Tutorial on how to install and configure htDig search for your web site. The Linux Information Portal includes informative tutorials and links to many Linux sites. WWW Search Engine Software. Contribute to roklein/htdig development by creating an account on GitHub. Htdig retrieves HTML documents using the HTTP protocol and gathers information from these documents which can later be used to search these documents.

Author: Nizilkree Kejas
Country: Madagascar
Language: English (Spanish)
Genre: Sex
Published (Last): 11 January 2005
Pages: 259
PDF File Size: 18.64 Mb
ePub File Size: 18.87 Mb
ISBN: 420-9-86847-641-4
Downloads: 26492
Price: Free* [*Free Regsitration Required]
Uploader: Arashizragore

The most recent exception to this was version 3.

ht://Dig — Internet search engine software

It uses catdoc to parse Word documents, and ps2ascii to parse PostScript files. The default search results wrapper file, that contains the header and footer together in one file.
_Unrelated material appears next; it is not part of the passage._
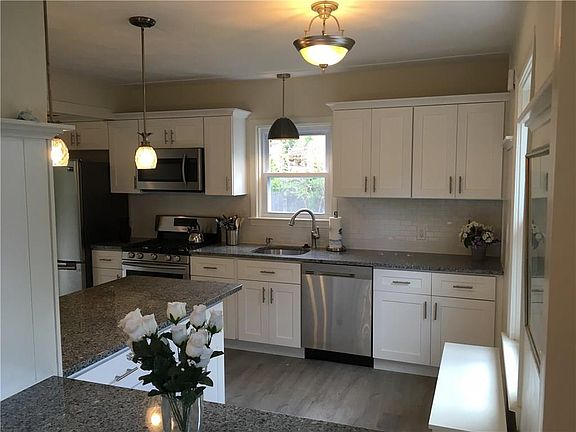 Picturesque Elmhurst, neighborhood, totally renovated, all new throughout, new cabinets, granite, stainless, flooring, windows, double parlor, gleaming hardwoods, paint. Updated utilities, newer roof and siding.

While there is theoretically nothing to stop you from indexing as much as you wish, practical considerations e. If you wish to keep secure and non-secure areas on your site separate, and avoid having unauthorized users seeing documents from secure areas in their search results, that takes a bit more effort.

Thus, a search for a filename will match znd link description, and the file will show up in search results.

Frequently Asked Questions

Come on in and find out. What happens is ht: Of course this will require more memory to read the larger file.


Assuming your configuration file is called cc. This database, together htdiig information on the URL associated with each document, is created every time you request a re-indexing of the site, and is merged with the results of previous index runs to create the foundation for the search engine. This usually has to do with the default document size limit.

The search results will then give a list of URLs for all pages that match the search terms. The config input parameter doesn’t need to be hidden either, and you may want to define it as a pull-down list to select different databases see question 4. Older versions of ht: Amongst other things, you can modify the hhdig for the search database, specify a list of URLs and extensions to be bypassed while indexing, enable or disable the fuzzy logic algorithms, limit the amount of content stored in the search database and control the maximum amount of anc read over an HTTP connection.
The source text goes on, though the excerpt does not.